I like building stuff. I like tinkering. There's nothing like creating your own thing.
Have you ever seen the Calvin and Hobbes Search Engine? Now there's a database that saves hours of systematic browsing for keywords among roughly 3,000 online comic strips. Search engines make us more productive. Enough said.
I've always had this itch to create my own data base(s) and a search engine to go along with it. The thing is that I know nothing of the technical aspect. I could have learned coding and gone that route... but since I have roughly 24 hours a day in which to attempt to balance the things I'd like to do with my existence (including the stuff on my bucket list) I decided to find a way to create a poor man's search engine.

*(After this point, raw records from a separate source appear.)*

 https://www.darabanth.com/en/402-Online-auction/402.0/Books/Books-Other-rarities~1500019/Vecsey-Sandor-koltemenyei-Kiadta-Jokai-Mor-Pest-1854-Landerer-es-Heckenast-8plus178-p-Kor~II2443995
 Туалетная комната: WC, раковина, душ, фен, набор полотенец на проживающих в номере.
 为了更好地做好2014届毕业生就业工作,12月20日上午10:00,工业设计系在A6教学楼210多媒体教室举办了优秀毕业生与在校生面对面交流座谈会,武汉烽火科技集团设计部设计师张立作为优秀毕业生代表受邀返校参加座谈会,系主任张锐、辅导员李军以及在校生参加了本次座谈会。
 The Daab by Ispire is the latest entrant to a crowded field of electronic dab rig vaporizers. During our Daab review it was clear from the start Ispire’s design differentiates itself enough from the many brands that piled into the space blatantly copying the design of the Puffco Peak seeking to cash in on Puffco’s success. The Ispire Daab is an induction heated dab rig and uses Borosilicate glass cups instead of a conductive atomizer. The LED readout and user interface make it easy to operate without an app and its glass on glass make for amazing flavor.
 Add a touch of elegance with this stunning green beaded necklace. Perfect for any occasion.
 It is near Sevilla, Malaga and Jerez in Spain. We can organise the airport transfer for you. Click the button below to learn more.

The little engine that could
THE CHALLENGE: Find some sort of service that could help me find any spoken word or phrase within a bundle of subtitle files for an entire TV series. LOST, for example.

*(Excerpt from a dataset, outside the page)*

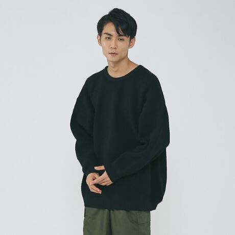 リラックス感を演出できるルーズシルエットクルーネックニット。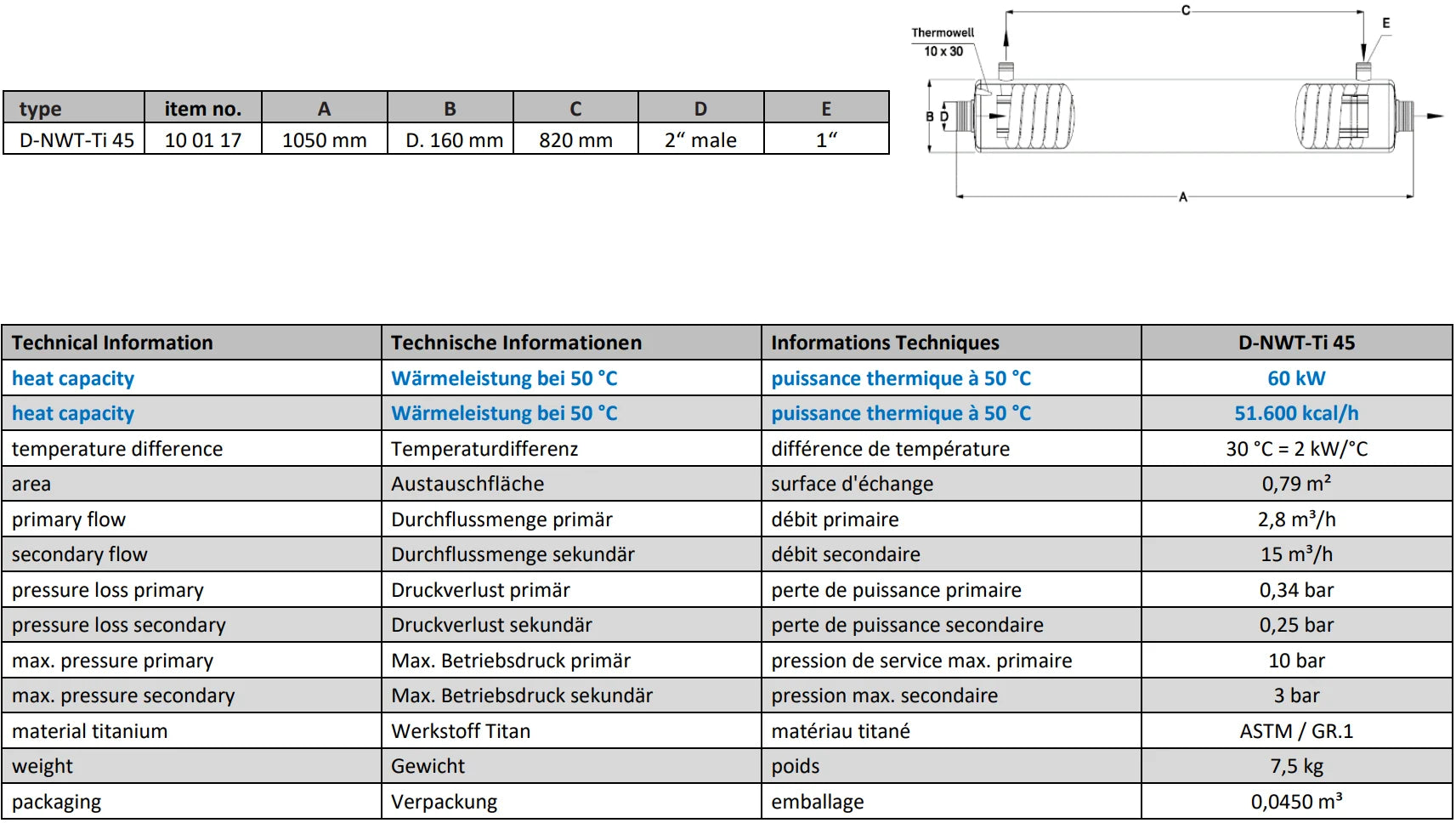 Water-to-water heat exchanger, crafted with traditional first-class workmanship and care, state-of-the-art welding. This premium heat exchanger offers uncompromising corrosion resistance, even at high salt concentrations in pool water, making it saltwater resistant. These heat exchangers provide maximum energy efficiency with minimal pressure loss. Like all tube heat exchangers, they must be integrated into the pool's water circuit either directly or via a bypass system.

I THINK I CAN: My early attempts included such skull-dumbery as emailing myself the contents of each subtitle file and using Gmail's search feature, along with a complex system of tags. I also tried creating a post for each episode in Blogger and using their platform's search feature.
I THOUGHT I COULD!: I never got as far as testing Dropbox out. Evernote stopped me dead in my tracks and brought me to the end of my journey.

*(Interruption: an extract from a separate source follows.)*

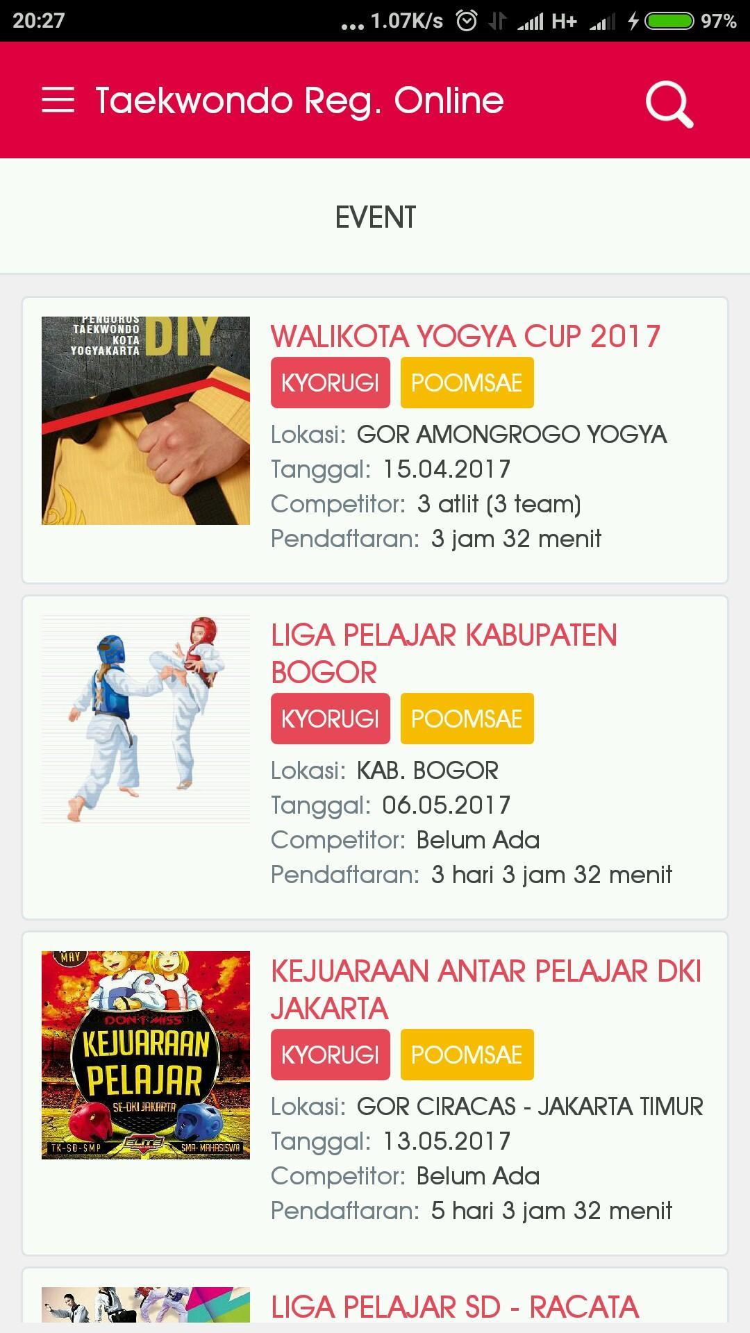 Est une application pour enregistrer des athlètes en ligne pour les événements de Taekwondo en Indonésie.October 19, 2025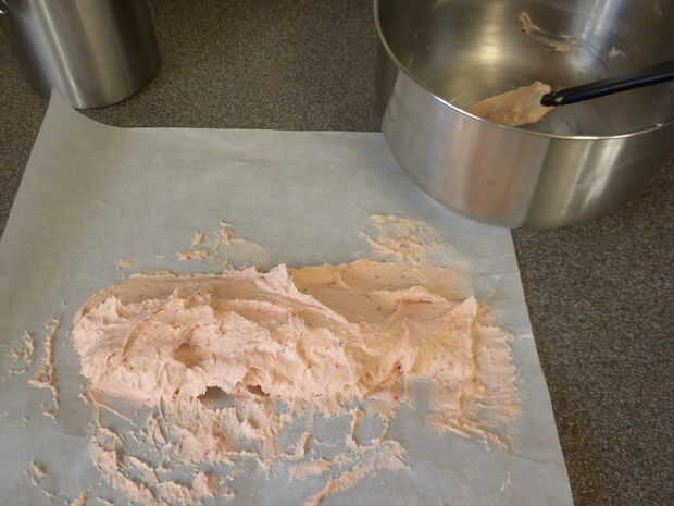 Una vez que la masa se mezcla bien, quite la masa y cuchara o extendido en el papel de pergamino.

I have since created a number of TV series databases, which can be used in some pretty cool ways. That was just the beginning...
My very own Peanuts database
I went on to create a (personal) Peanuts database with 17,965 comic strips that are all indexed and searchable owing to Evernote's OCR technology. Evernote has blown me away in the OCR department. This strip is one of 47 search results (47 notes/ strips) for the phrase "dark and stormy night":
Any line you want
So what would you search for if you could search any spoken word or phrase within an entire TV series? The first thing that popped into my mind once I had a "Big Bang Theory" database was the word, "Bazinga". Here we see the first time Sheldon uses the word in question: Season 2, Episode 23 - The Monopolar Expedition. Some other things we can glean from this screenshot:
- "Bazinga" was uttered in a total of 13 episodes to date.
It was spoken 3 times (3 matches) in this particular episode. Command-F on Mac/ Ctrl-F on Windows. "Search Note" feature on mobile/ tablet.
- We can locate this rendition of "Bazinga" at roughly 41 seconds into the episode.
The applications thereof could then range anywhere from, just-because curiosity, to easily finding and graphically illustrating phrasal verbs and idiomatic expressions for my English students here in Brazil. If you ever wanted to quote Star Wars, which seems to be a big one, you could do that too - and do it correctly. I once double-checked a Star Wars reference from a well-know author, who shall remain nameless. Granted, it was not a popular quote, but still. He quoted Yoda as having said something - where in fact it was a rather iffy paraphrase of something actually spoken by Obi-Wan Kenobi. Not a biggie. I mean, how would anyone have known for sure, unless they had some way of referencing it quickly? Now we can.
May the fair use gods shine upon us
Unlike a Peanuts comic strip database in Evernote, there does seem to be some basis for sharing the TV series databases of fan-made subtitles I have created in public Evernote notebooks under the fair use premise. It's a touch-and-go thing - but here's hoping that this site I set up to share those notebooks lives long and prospers:
So far, you will be able to search any spoken word in the following TV Series/ Sagas:
- How I Met Your Mother
- House M.D.
- Game of Thrones
- The Big Bang Theory
- Star Wars
Most of the above series can be found on Netflix, just in case you were wondering. Pay "Any Line You Want" a visit and please do tell what search phrases you searched for in the public notebooks.
- In what episode of LOST was the "hatch" stumbled upon? (Remember to sort notes by Title)
- Take a look at Doctor House's famous catchphrase "Everybody lies". (Don't forget Ctrl-F/ Command-F once you've hit the search button... or the "Search Note" feature on your mobile device or tablet).
Remember in iOS you cannot search long Evernote notes that scroll off the screen on the web. You would need to either view the shared notebook(s) online on desktop or join the notebook(s), in which case you would be able to see the entire note in your iPhone or iPad Evernote app itself.
I hope you find what you're looking for!